4 Develop models based on previous literature and professional knowledge

In this study, the p-values for the appendix and omentum were found to be greater than 0.05 in the multivariate logistic regression analysis. However, several studies have identified the appendix and omentum as independent factors influencing platinum resistance recurrence. Additionally, results from lasso regression further indicated that both the appendix and omentum are significant independent predictors of platinum-resistant recurrence. Consequently, we adopted an exploratory approach to model development by integrating insights from existing literature with professional expertise. The appendix and omentum were incorporated either separately or simultaneously into eight variables selected through multivariate logistic regression to construct our model (Table 4). Notably, we observed a substantial enhancement in the performance of the RF model when both factors were included in its construction, with the AUC increasing from 0.627 to 0.887.

Table 4
www.frontiersin.org

Table 4. Performance of machine learning models based on multivariate Logistic regression results and professional knowledge.

5 Discussion

The primary objective of this study is to develop a machine learning predictive model for assessing the risk of platinum-resistant recurrence in patients with EOC. Among the models evaluated, the Logistic-XGBoost exhibited superior performance (AUC = 0.784). We recommend utilizing the XGBoost model, which incorporates eight variables. This model can be implemented in clinical practice once pathological data are obtained following surgical treatment and is anticipated to contribute significantly to clinical trial design and future research endeavors.

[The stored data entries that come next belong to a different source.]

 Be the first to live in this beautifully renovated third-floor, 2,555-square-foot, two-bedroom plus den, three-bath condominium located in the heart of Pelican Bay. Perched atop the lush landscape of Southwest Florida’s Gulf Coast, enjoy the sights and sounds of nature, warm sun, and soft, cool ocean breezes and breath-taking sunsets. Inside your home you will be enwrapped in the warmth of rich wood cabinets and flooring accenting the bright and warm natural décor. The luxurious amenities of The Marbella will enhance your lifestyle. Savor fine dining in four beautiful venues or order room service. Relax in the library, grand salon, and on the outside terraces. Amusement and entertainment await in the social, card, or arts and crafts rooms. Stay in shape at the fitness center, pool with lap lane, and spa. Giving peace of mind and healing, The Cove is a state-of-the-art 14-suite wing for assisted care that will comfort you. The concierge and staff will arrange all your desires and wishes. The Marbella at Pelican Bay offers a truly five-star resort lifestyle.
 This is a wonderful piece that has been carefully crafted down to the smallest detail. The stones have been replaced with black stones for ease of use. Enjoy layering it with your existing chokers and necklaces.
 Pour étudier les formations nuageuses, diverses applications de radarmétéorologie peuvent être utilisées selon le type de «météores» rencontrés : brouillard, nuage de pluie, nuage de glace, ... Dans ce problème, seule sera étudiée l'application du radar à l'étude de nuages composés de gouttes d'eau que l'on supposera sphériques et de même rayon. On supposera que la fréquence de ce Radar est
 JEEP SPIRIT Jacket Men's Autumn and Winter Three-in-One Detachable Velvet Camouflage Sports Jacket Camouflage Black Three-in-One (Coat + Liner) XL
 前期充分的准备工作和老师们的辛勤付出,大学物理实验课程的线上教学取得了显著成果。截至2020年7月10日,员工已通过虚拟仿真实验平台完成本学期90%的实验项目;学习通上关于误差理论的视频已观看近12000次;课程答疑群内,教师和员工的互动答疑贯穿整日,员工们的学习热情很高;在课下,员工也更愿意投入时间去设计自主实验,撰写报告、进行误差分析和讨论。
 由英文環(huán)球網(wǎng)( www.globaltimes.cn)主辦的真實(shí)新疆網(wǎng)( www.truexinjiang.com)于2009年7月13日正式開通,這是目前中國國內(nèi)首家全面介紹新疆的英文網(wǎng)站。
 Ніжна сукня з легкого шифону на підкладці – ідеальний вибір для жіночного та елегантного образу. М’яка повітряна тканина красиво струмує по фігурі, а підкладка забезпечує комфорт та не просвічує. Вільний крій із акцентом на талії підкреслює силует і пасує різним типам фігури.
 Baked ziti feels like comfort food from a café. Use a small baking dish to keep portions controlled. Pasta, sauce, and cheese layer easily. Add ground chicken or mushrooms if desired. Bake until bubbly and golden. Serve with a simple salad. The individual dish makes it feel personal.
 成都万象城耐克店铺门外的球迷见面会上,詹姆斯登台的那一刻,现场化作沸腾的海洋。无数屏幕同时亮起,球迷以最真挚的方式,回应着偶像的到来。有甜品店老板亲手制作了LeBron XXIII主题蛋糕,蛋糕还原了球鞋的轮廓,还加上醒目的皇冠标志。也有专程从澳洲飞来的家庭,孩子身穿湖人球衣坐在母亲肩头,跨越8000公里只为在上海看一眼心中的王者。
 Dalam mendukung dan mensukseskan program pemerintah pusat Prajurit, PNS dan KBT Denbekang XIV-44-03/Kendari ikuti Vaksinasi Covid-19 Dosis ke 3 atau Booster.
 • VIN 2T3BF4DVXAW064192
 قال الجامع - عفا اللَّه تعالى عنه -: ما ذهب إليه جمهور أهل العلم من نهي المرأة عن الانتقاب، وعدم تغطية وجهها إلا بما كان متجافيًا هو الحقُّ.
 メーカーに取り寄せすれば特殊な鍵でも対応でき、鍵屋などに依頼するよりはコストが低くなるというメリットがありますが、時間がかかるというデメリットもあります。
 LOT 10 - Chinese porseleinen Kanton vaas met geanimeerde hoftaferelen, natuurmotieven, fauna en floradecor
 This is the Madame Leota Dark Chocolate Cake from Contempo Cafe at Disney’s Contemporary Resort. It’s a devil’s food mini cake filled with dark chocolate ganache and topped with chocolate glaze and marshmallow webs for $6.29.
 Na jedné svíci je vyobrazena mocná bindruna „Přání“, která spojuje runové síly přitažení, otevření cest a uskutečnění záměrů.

The enhanced accuracy of the Logistic-XGBoost model underscores the significant contribution of hidden variables identified in previous studies, as well as the novel clinical relevance of these variables, including LDH (27) and surgery-related information. This highlights the potential utility of routine laboratory data and clinical indicators as biomarkers for platinum-resistant recurrence. Elevated serum LDH levels are observed in patients experiencing active tumor growth and tissue destruction. In recent years, extensive research has been conducted on the prognostic value of serum LDH across various cancers, including lymphoma, lung cancer, colorectal cancer, breast cancer, kidney cancer, and liver cancer (28).

Furthermore, combining serum LDH with other tumor markers such as alpha-fetoprotein, CA125, and human chorionic gonadotropin can enhance the accurate determination of histological types in ovarian cancer (29). This study presents a novel association between serum LDH levels and platinum-resistant recurrence in EOC, specifically indicating that higher LDH levels correlate with an increased likelihood of platinum-resistant recurrence. Future large-scale and rigorously designed prospective studies are essential to validate the clinical significance of these markers and establish precise cutoff values.

Previous studies have identified inflammatory factor indicators, such as white blood cell count, the neutrophil-to-lymphocyte ratio, and the platelet-to-lymphocyte ratio, as independent factors influencing platinum-resistant recurrence (3032). However, during the preliminary data preprocessing of this study, it became evident that these ratios—including white blood cell count, absolute values of various white blood cell classifications, the neutrophil-to-lymphocyte ratio, and the platelet-to-lymphocyte ratio—do not serve as independent prognostic factors for platinum-resistant recurrence. It is crucial to acknowledge that systemic diseases unrelated to cancer (such as inflammatory conditions or infections) may affect peripheral blood complete counts and potentially lead to inaccuracies in analysis results.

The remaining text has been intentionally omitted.